Since Orange County doesn’t have a public hospital—it’s only one of three counties in California without one—the burden of uninsured and underinsured patients falls on private and nonprofit hospitals and medical groups.

Overall, hospitals have to be involved with reform efforts “to be sure that we’re able, and other hospitals are able, to serve these individuals in some way,” UCI’s Belmont said.

“The basic nature of the hospitals that remain here has not changed significantly, (but) it has changed some,” he said.

Part of that change is an increased focus on trying to remain financially solvent while still properly caring for patients.

“I worry about how the underserved and the indigents are going to be taken care of if financial pressures on hospitals continue,” Belmont said.

Hospital Consolidation

Some operators are selling hospitals that have been squeezed too much.

St. Joseph Health System, an Orange-based Catholic hospital operator, spent $36.5 million last year to buy the former South Coast Medical Center—now renamed Mission Hospital Laguna Beach—from Adventist Health.

The Roseville-based operator wanted to sell it because it was geographically isolated from its other hospitals, making it hard to get managed care contracts with insurance companies.

In an effort to make it more profitable and efficient, Mission Laguna dropped some resources, such as cardiac rehabilitation, because they are available at Mission’s main campus in Mission Viejo.

“When Mission bought South Coast, South Coast was already part of a large system but was under-invested,” Morris said. “(Adventist) was really not putting in the resources that you really need to keep something up to speed.”
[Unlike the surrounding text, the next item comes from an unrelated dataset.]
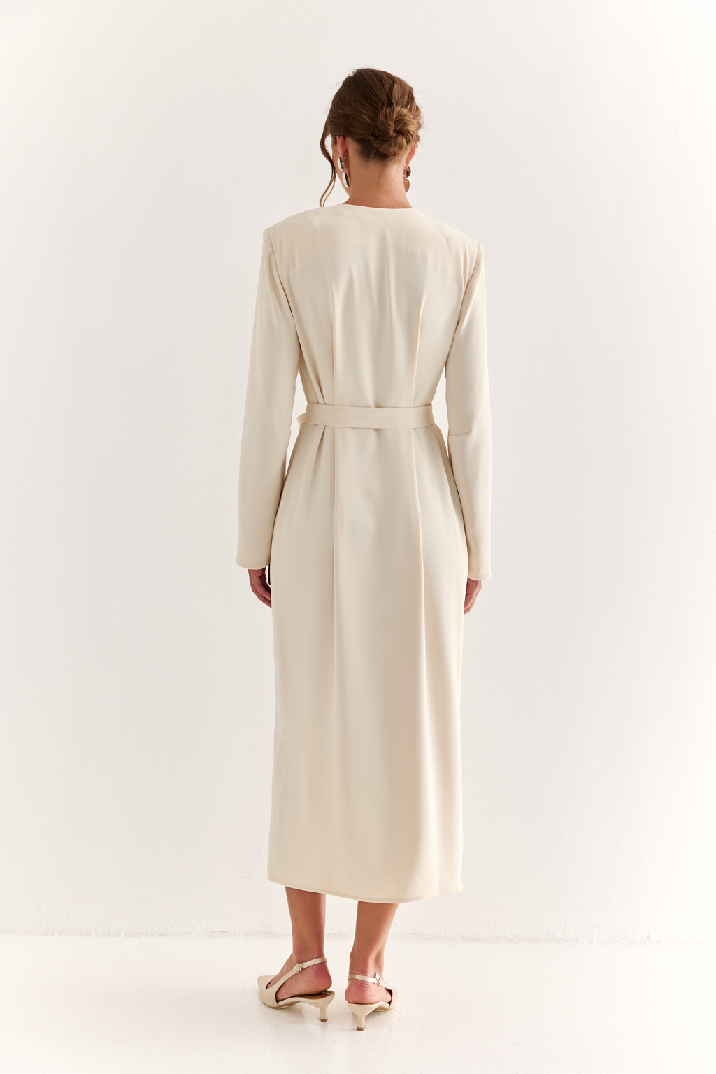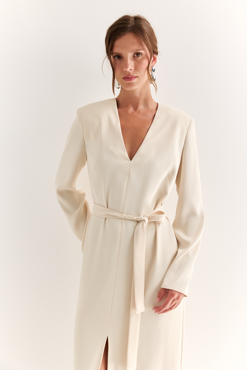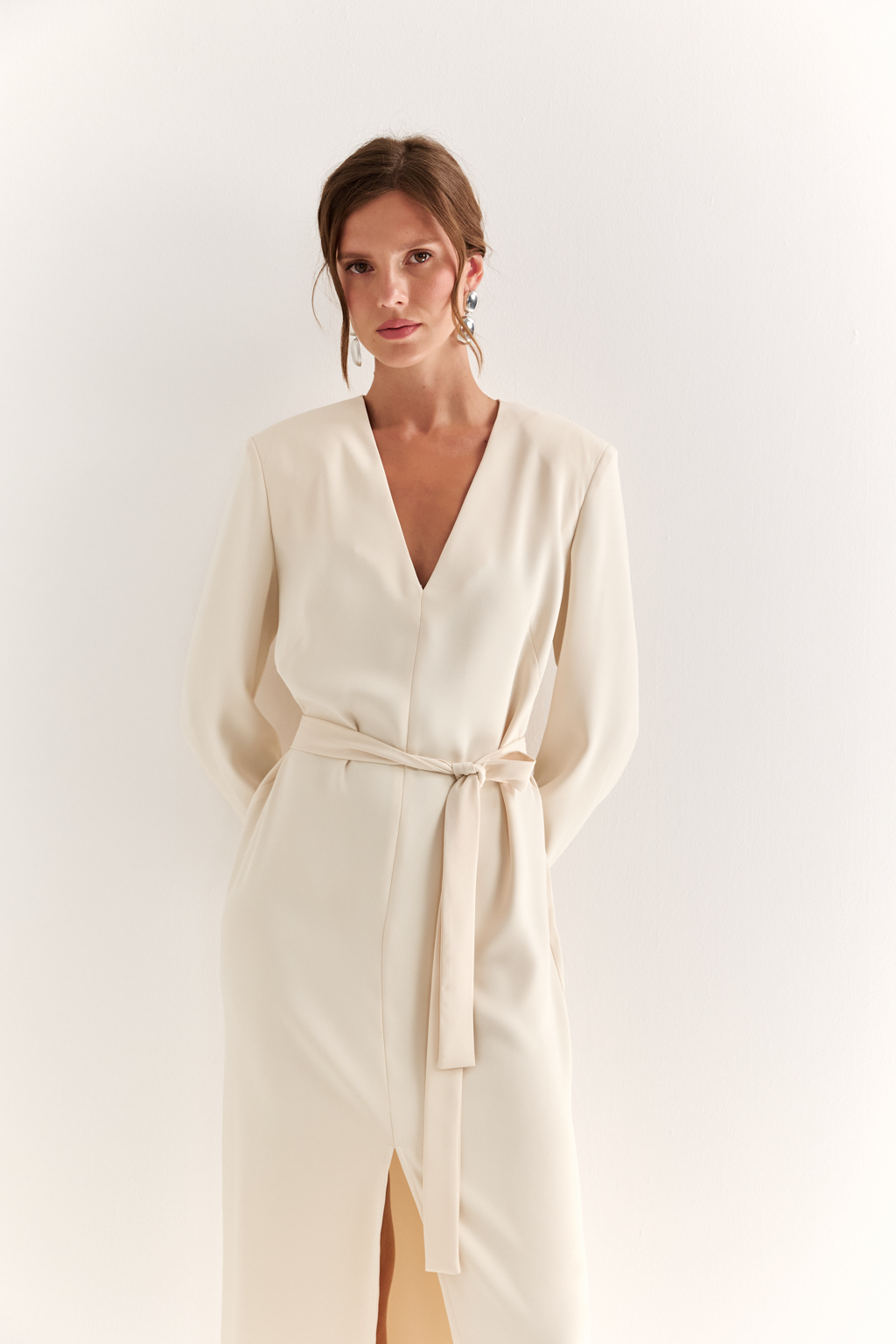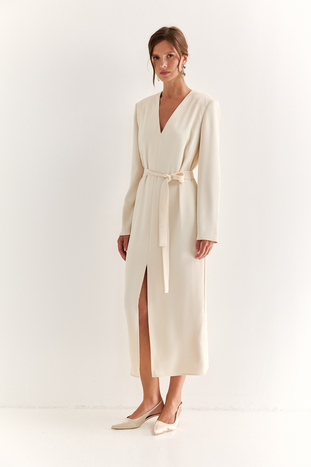 Платье прямого силуэта длиной миди и с V-образным вырезом горловины.

For a smaller hospital like South Coast, “it makes a lot more sense” for it to be paired with Mission because certain basic services can be offered with the understanding that the larger campus will offer the more specialized, complex care, Morris said.

Other hospitals are beefing up to take on more patients.

Newport Beach-based Hoag Memorial Hospital Presbyterian is continuing work on its $84 million transformation of the former Irvine Regional Hospital and Medical Center into Hoag Hospital Irvine (see story, page 25).

Hoag Irvine, which will have specialty concentrations on orthopedics and cardiovascular care, is set to open its doors to patients as early as this summer.

Another hospital that’s working under new ownership is the AHMC Anaheim Regional Medical Center, formerly An-aheim Memorial Medical Center.

Alhambra-based hospital operator AHMC Healthcare Inc. bought the hospital last summer for $60 million from Memor-ialCare Health System of Fountain Valley.

AHMC pledged another $45 million worth of improvements.

AHMC Anaheim officials did not respond to interview requests.

Deloitte consultant Morris said he would not be surprised to see more hospital consolidation on the horizon to save financial resources.

“The thought is that there’s safety in numbers and economies of scale that you get from being part of a large system, so we think we would expect that to drive consolidation,” he said. “We’re starting to see some of that.”

Independent hospitals will be rare in the coming years, Morris said.